Briefly, Diana put her head in her hands. Then she straightened and stared at Brooke. “You know, this answering-a-question-with-another-question shit is getting old.”
Brooke smiled.
“So’s that,” Diana told her. She looked away from the guide to study the street again, something nagging at her. “I was shot. I was shot… on purpose. The sniper picked me. All of us were running around in the open, we didn’t have our vests on, and if he was watching yesterday—or the day before, whenever—then he probably had all of us marked as cops, maybe as SCU. So why me? I’m not even a full agent yet. This is—was—my very first case as an investigator. Why was I the target?”

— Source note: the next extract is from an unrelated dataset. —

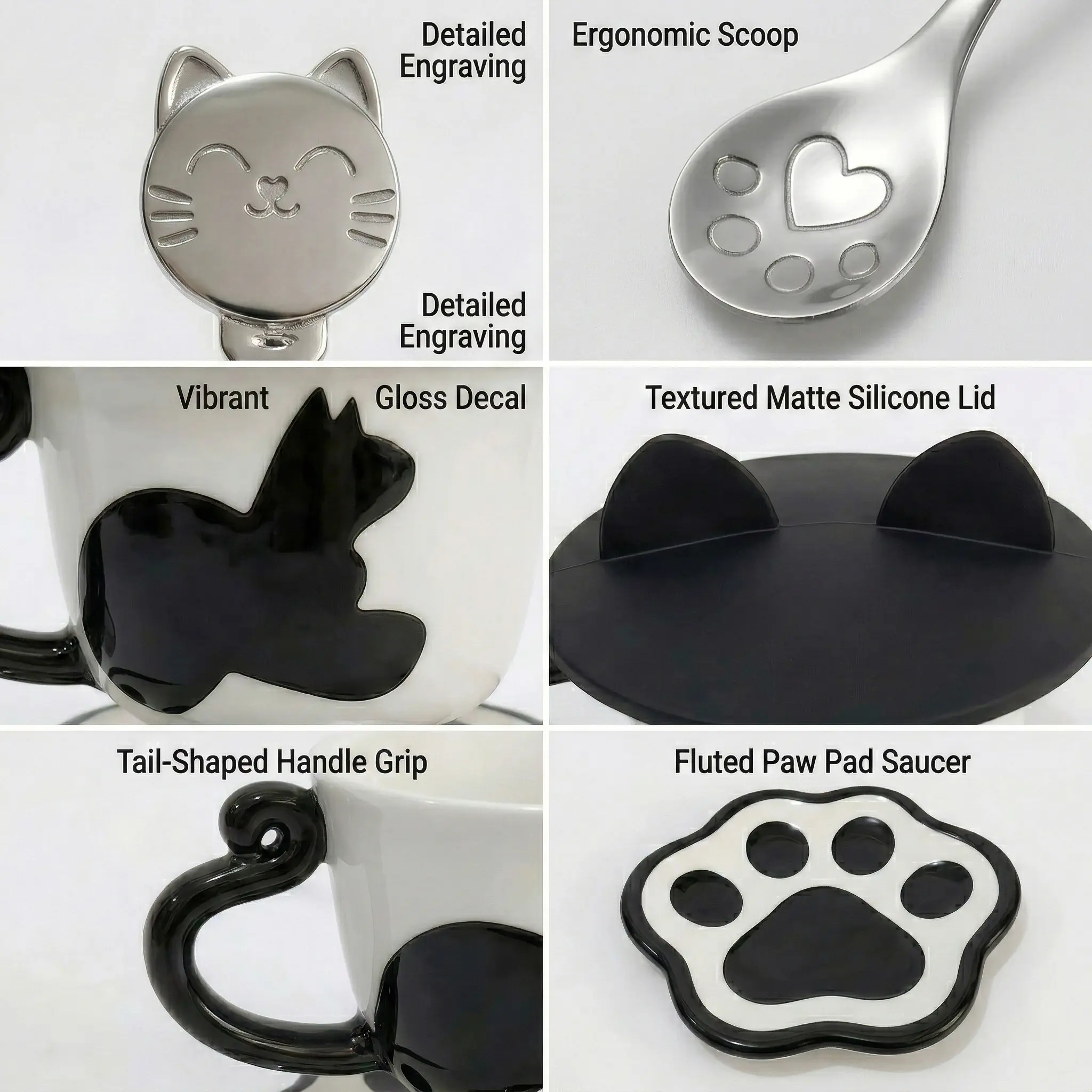 Purr-fect Morning Sip – Cute Cat Design 4-Piece Set

“I’m not allowed to reply with a question,” Brooke said.
Diana ignored her. “If the sniper saw the SCU as his enemy, why not pick someone who … counted? Someone who’d be more of a trophy for him. Miranda was there. Quentin. Hollis and Reese. Why did he pick me? Unless I was a bigger threat somehow. Or… I had something he wanted. Something his boss wanted. Like maybe… the ability to open a door into—or out of—the gray time. He must have known it was the only sure way to get me here, at least on his timetable.”
She turned her head and stared at the silent guide. “He’s not just in here trying to get out, he’s influencing things out there. Calling the shots—literally. The sniper, the murders: It’s all about Samuel.”
Serenade
Galen prowled uneasily from window to window, not even aware of what he was doing until Ruby spoke.
“You really want to be out there with them, don’t you? With your friends?”
“With my team,” he said.
“Sorry you’re stuck here watching over me.”
“I’m not stuck, Ruby.” He made an effort to soften his voice. “Look, Bailey said you didn’t sleep on the jet, and you haven’t closed your eyes since we got here. Why don’t you go try to rest for a while?”
“I’m not sleepy. Bailey said soldiers have to learn to sleep when they can. And I get that. She’s sleeping now so you’ll sleep later.” Ruby studied him with those too-old eyes. “Except I don’t think you will sleep later.”
“I will. When there’s time.”
“When this is over, you mean.”
“If you like.”
Ruby was silent for a long moment, then said almost casually, “Are the voices still talking to you?”
He stopped prowling and stared at her. His immediate instinct was to deny, but somehow instead he found himself asking, “What do you know about that?”
“About your voices? Just that you hear them. Since the church. Since what we did to Father. Since things changed for a lot of us.” She paused. “Are they still talking to you?”
“Whispering,” he said finally. “I can’t understand what they’re saying. Can’t quite hear them.”
“Maybe because you aren’t listening hard enough.”
“What do you mean?”
Curled up in the big armchair near a dark fireplace, Ruby returned his stare with an odd serenity. “You’re… shut inside yourself. I expect that’s so you can help your team. So you can guard other people, keep them safe. Keep me safe. But it makes a shell around you. A hard shell. Maybe the voices can’t get through well enough for you to understand what they’re saying.”
“Maybe I don’t want them to,” he found himself replying.
“Are you afraid of what they might tell you?”
Damn .
Galen thought it was ridiculous for him to be confiding in a twelve-year-old girl, but he couldn’t seem to stop the conversation.